I was putting the final touches on the plants when the local postmaster called. The complaint that I'd submitted last week had finally gotten to her. She said she'd come by our house to talk.
"Is that the mailbox they're refusing to deliver the mail to?," she asked when she got here.
"No, I gave up and sent that mailbox back. This is a new mailbox that I just installed," I told her.
"I was going to say ... this one is approved by the postmaster general, so I don't know what the problem would be for this one."
"Well, the problem is that my wife went to the post office before we bought the previous mailbox and asked whether it was okay. She was told it would be fine as long as we installed it to the right height and setback. They even sent someone to measure it after I installed it and he said it was fine. But the station master refused to deliver mail because it didn't have USPS-approval marking on it."
"We are trying to draw a line here," she said, "and say that new mailboxes have to have the approval designation."
"But then the post office should not have told us that it was okay to purchase the mailbox," I countered, "and besides I can show you pictures of that mailbox and the other mailboxes in town that aren't postmaster approved and have similar slot-type designs."

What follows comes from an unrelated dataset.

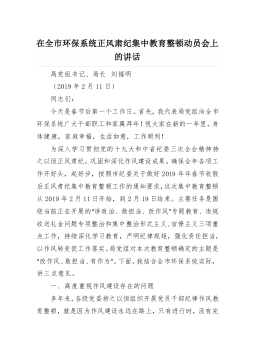 在全市环保系统正风肃纪集中教育整顿动员会上的讲话局党组书记、局长刘福明(2019年2月11日)同志们:今天是春节后第一个工作日。首先,我代表局党组向全市环保系统广大干部职工和家属拜年!祝大家在新的一年里,身体健康,家庭幸福,生活如意,工作顺利!为深入学习贯彻党的十九大和中省纪委三次全会精神持之以恒正风肃纪,巩固和深化作风建设成果,确保全年各项工作开好头,起好步,按照市纪委关于做好2019年年春节收假后正风肃纪集中教育整顿工作的通知要求,这次集中教育整顿从2019年2月11日开始,到2月19日结束。主要任务是围绕当前正在开展的“讲政治、敢担当、改作风”专题教育、违规收送礼金问题专项整治和集中整治...

So, I got out the laptop and showed her the pictures.
"I would have let this one go," she said when I showed her the picture of the tower mailbox we'd purchased and installed, "the slot is easy to get to and quite safe. I'm going to call a meeting of the station master and the mail carrier for this route and talk this over. It's hard to get the right balance between customer service and regulations. But this one could probably have been fine."
They can talk it over, but we're out a couple hundred dollars, a day of work and all the time this month that the wife stood in line at the post office to collect the mail. A better customer-oriented organization would have clear policies that every one would consistently follow. And if a customer made a decision based on incorrect information supplied by a employee, then they would try their best to make the customer whole. It's obvious that the tower mailbox was a marginal decision -- it could have been approved or not -- yet, the Norman post office decided to get all bureaucratic about it.
Still, having someone come to our house to talk it through was a nice touch.
Too bad you don't have our mail carrier; you wouldn't believe the boxes he throws mail into out here in the nether land.